According to Mr. Grossman, funds are attracted to passive strategies because of lower fees and costs than for active management and because active international equity managers are typically underweighted to Japan - the world's second largest market. Some investors worry about what would happen with performance if Japan's market roared.
2 pension funds' experiences
For the first time this year, the roughly $3 billion Oklahoma Public Employees' Retirement System, Oklahoma City, embraced indexing for a portion of both its international and domestic equities. For foreign equities, the fund hired BZW for a $200 million portfolio.
Executive Director Stephen Edmonds said part of the assets for the indexed international portfolio came from the decision, following an asset allocation study, to drop two active regional managers. One active manager, Scudder, Stevens & Clark, New York, was retained for a broad international portfolio.
However, the fund is now in the throes of a search for a roughly $60 million actively managed emerging markets portfolio. That search should be completed by January, he said.
The $353 million East Bay Municipal Utility District Employees' Retirement System, Oakland, Calif., was among the funds that increased its allocations to its current active international equities managers.
Last year, the fund hired Templeton Investment Counsel, Fort Lauderdale, Fla., and Wellington Management Co., Boston, but gave them only 10% of the fund's total assets instead of the 15% targeted. This year, the fund gave Templeton and Wellington the increases.
Using the same managers for increased allocations "saves on administrative costs," said Treasurer Gary Breau. After all, "asset allocation is key, not the number of managers you have."
Trends will continue
Many experts believe the trends will persist.
BZW's Mr. Grossman estimates that, in time, the proportion of international equities passively vs. actively managed should approximate their U.S. equity portfolios. Now, between one-third to two-thirds of funds' domestic equities are indexed, he said. But only 20% of international stocks are being indexed.
Many investment managers appear keenly aware of the trends -especially the tendency to give current managers increased allocations.
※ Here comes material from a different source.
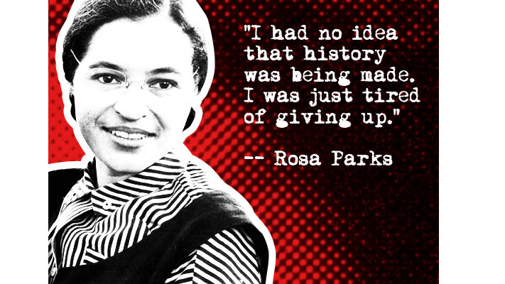 “I had no idea that history was being made. I was just tired of giving up.”– Rosa Parks (born on this date in 1913)

In fact, "we are getting a lot of this cash flow," he said. His firm now has $3.5 billion under management, compared with $2 billion about 18 months ago. Of that increase, "probably 20 of our now 35 clients gave us additional monies, and we added a handful of very large new accounts," Mr. Franklin said.
But even if the going does get tougher for active international managers, especially smaller managers, some newer opportunities are emerging.
401(k) plans are 'fertile'
Roger Bransford, managing director, Watson Wyatt Investment Consulting in Atlanta, said defined contribution plans could be fertile territory for international managers. "The most popular addition to 401(k) plans is an international equities option," he said.
With defined benefit plans, additional foreign allotments are "predominantly going to funds' existing managers," he said. But Watson Wyatt's own international search volume isn't down; instead, such activity often now entails a search for a manager that in some way "fine-tunes" a fund's overall international investment program, he said.
Mr. Bransford believes "it's not too late, although it is getting later" for international managers to address the defined contribution market.
"There is still significant demand" and "it will (continue to) grow," he said. As minimum requirements, managers would need a daily valued fund, such as an international equities mutual fund or commingled fund. Then, managers would have to have "the ability to get out and talk to consultants and prospective clients," Mr. Bransford said.